Regression Diagnostics
Lucy
2022-05-06
Prediction of Insurance Charges
The purpose of this project is to solve a problem using linear regression and understand various feature selection and model selection techniques. In this project we predict the insurance charges based on different details.

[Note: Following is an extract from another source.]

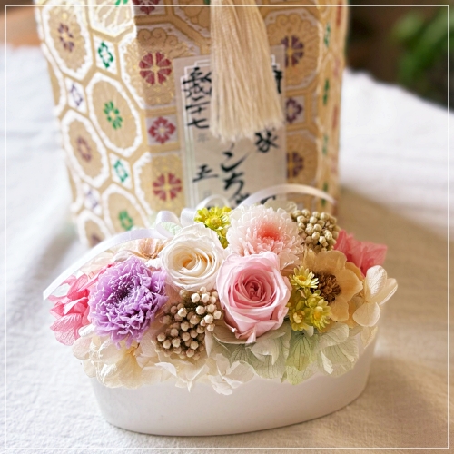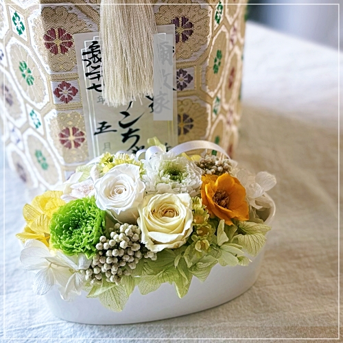 ケースにプリザーブドフラワーや小花をアレンジ。蓋をしたまま飾れるので埃を気にせず飾っていただけます。
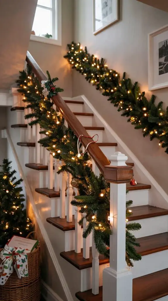 Nothing beats the glow of fairy lights winding through greenery. Whether you prefer white or multicolor, they instantly make your staircase feel festive. Wrap them gently around your garland, weaving in and out for an even glow.

The data used in this project can be found here.
Information about various parameters such as, age, bmi, smoke, children etc.
We have to come up with a robust regression model that can predict the insurance charges.
Packages Required
library(tidyverse)
library(dplyr)
library(gplots)
library(ggplot2)
library(readxl)
library(ggplot2)
library(dplyr)
library(GGally)
library(leaps)
library(gridExtra)
library(plotly)
library(mvinfluence)
library(ggthemes)Loading and cleaning the data
The data is stored in two excel sheets called insurance_web respectively. We need to load it, analyse the data for completeness.
head(df)## age sex bmi children smoker region charges
## 1 19 female 27.900 0 yes southwest 16884.924
## 2 18 male 33.770 1 no southeast 1725.552
## 3 28 male 33.000 3 no southeast 4449.462
## 4 33 male 22.705 0 no northwest 21984.471
## 5 32 male 28.880 0 no northwest 3866.855
## 6 31 female 25.740 0 no southeast 3756.622Change data type
df$sex <- as.factor(df$sex)
df$smoker <- as.factor(df$smoker)
df$region <- as.factor(df$region)
str(df)## 'data.frame': 1338 obs. of 7 variables:
## $ age : int 19 18 28 33 32 31 46 37 37 60 ...
## $ sex : Factor w/ 2 levels "female","male": 1 2 2 2 2 1 1 1 2 1 ...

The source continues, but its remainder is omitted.